Problem
From the first line to the last, retype everything below exactly, minus the pictures.

Supplied material

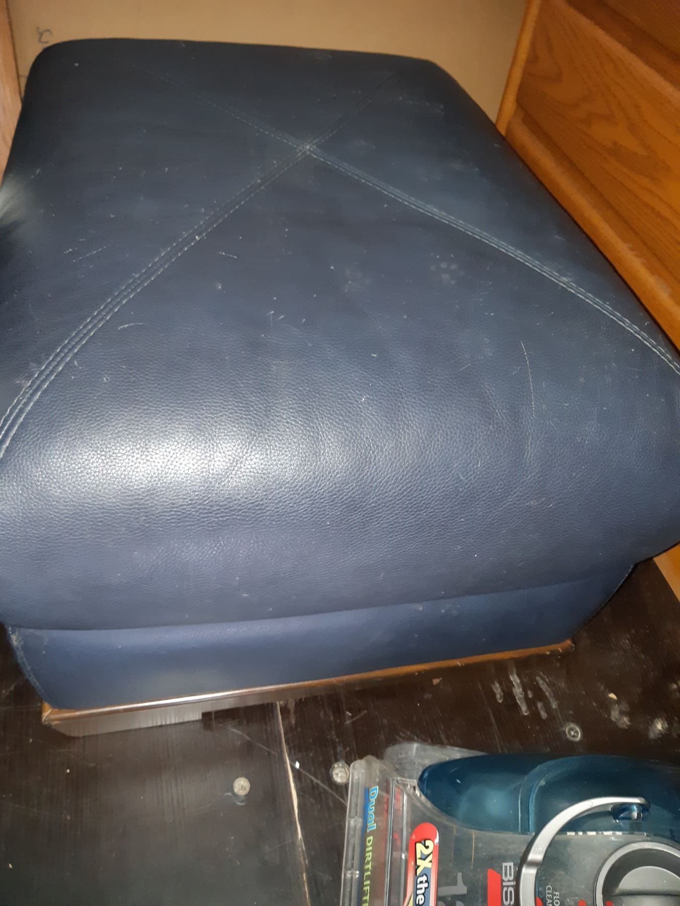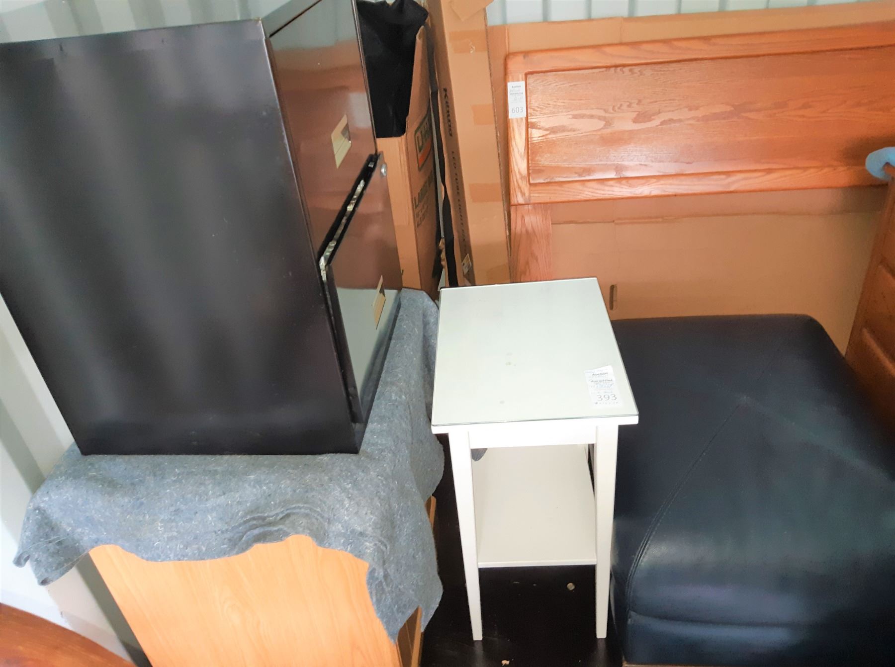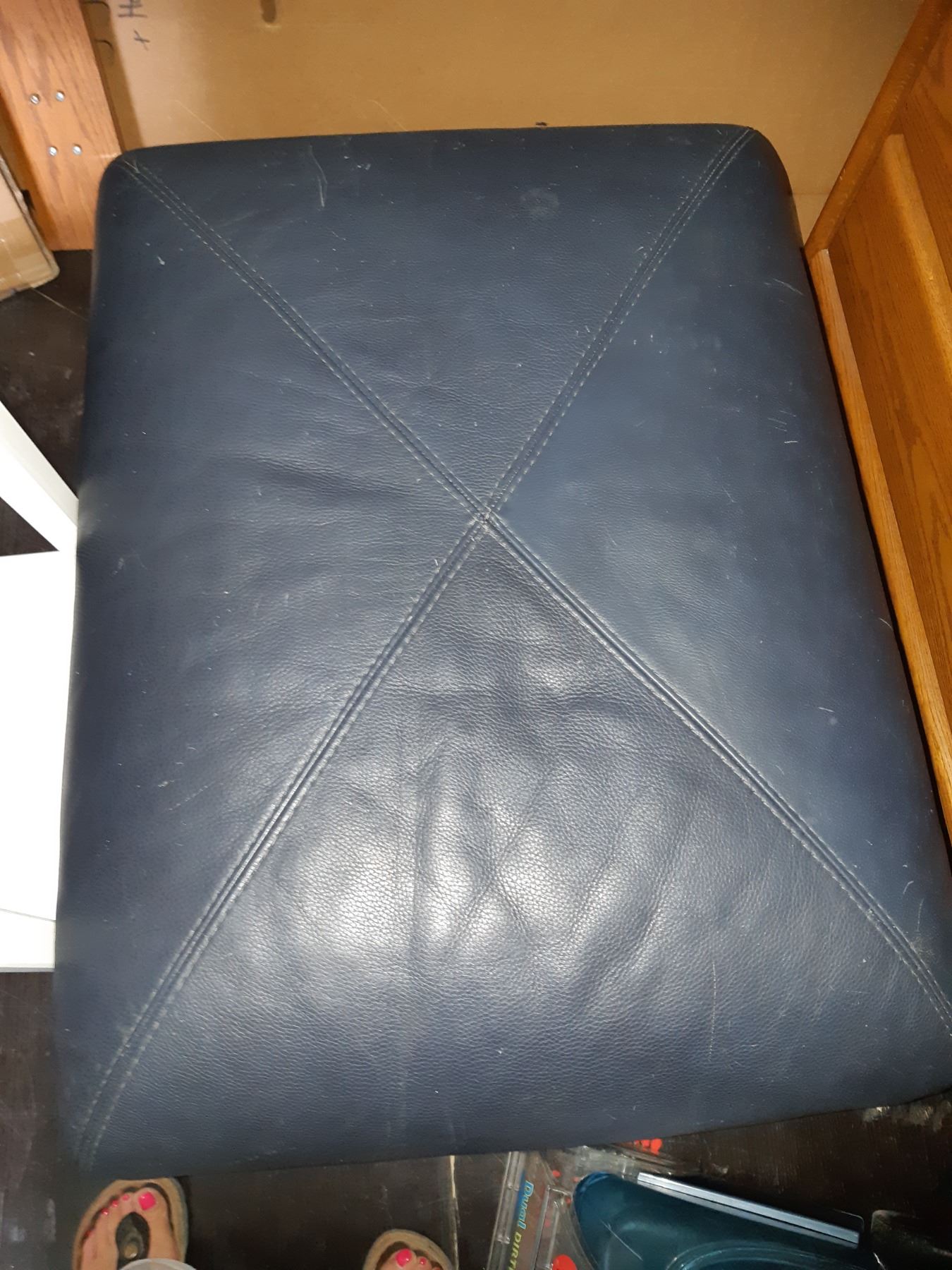 Blue Leather Ottoman 35x27x15. White end table with shelf below and glass cover on top, 18x14x28. Black 2 drawer file cabinet 17x18x24. Pickup at 11 am
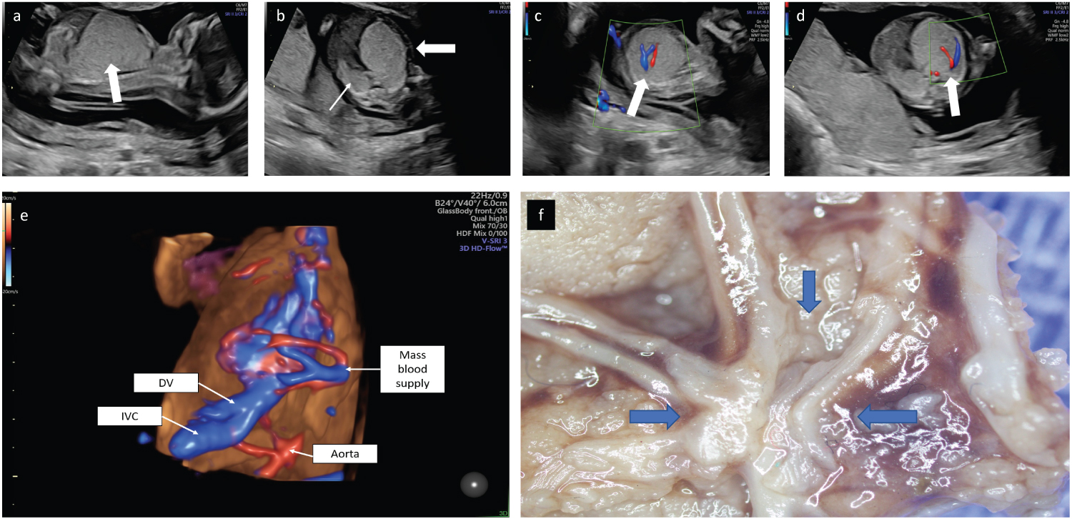 A 30-year-old patient, gravida 2 para 1 presented at 15 weeks of gestation. The parents were generally healthy with no remarkable family history. Nuchal translucency scan was normal. Sonographic examination revealed an appropriate for gestational age male fetus. Mild pericardial effusion and ascites were evident and an inverted A wave was demonstrated in the ductus venosus consistent with fetal cardiac insufficiency. The left apical heart was shifted to the right and the stomach was in a central position (mesogastria). The left lung was comprised of an echogenic mass with a measured circumference in an axial plane of 91 mm. No macro-cystic lesions were evident (Figure 1a, Figure 1b). Two large vessels exhibiting systemic venous and arterial flow were demonstrated entering the mass to form a vascular plexus (Figure 1c, Figure 1d, Figure 1e, Figure 1f). The diaphragm was flattened by the enlarged left lung. The right lung was compressed backwards and small (measured circumference in an axial plane 48 mm). A detailed anatomical scan did not reveal any further malformations. Following a comprehensive consultation regarding the findings, the parents elected termination of pregnancy.
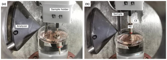 Photos showing the analyzer, EC cell, sample holder, and electrodes. (a) Sample submerged in electrolyte beaker for electrochemical treatment. (b) Sample retracted from the beaker to measure AP-XPS [91].

Exercise output
 Blue Leather Ottoman 35x27x15. White end table with shelf below and glass cover on top, 18x14x28. Black 2 drawer file cabinet 17x18x24. Pickup at 11 am
 A 30-year-old patient, gravida 2 para 1 presented at 15 weeks of gestation. The parents were generally healthy with no remarkable family history. Nuchal translucency scan was normal. Sonographic examination revealed an appropriate for gestational age male fetus. Mild pericardial effusion and ascites were evident and an inverted A wave was demonstrated in the ductus venosus consistent with fetal cardiac insufficiency. The left apical heart was shifted to the right and the stomach was in a central position (mesogastria). The left lung was comprised of an echogenic mass with a measured circumference in an axial plane of 91 mm. No macro-cystic lesions were evident (Figure 1a, Figure 1b). Two large vessels exhibiting systemic venous and arterial flow were demonstrated entering the mass to form a vascular plexus (Figure 1c, Figure 1d, Figure 1e, Figure 1f). The diaphragm was flattened by the enlarged left lung. The right lung was compressed backwards and small (measured circumference in an axial plane 48 mm). A detailed anatomical scan did not reveal any further malformations. Following a comprehensive consultation regarding the findings, the parents elected termination of pregnancy.
 Photos showing the analyzer, EC cell, sample holder, and electrodes. (a) Sample submerged in electrolyte beaker for electrochemical treatment. (b) Sample retracted from the beaker to measure AP-XPS [91].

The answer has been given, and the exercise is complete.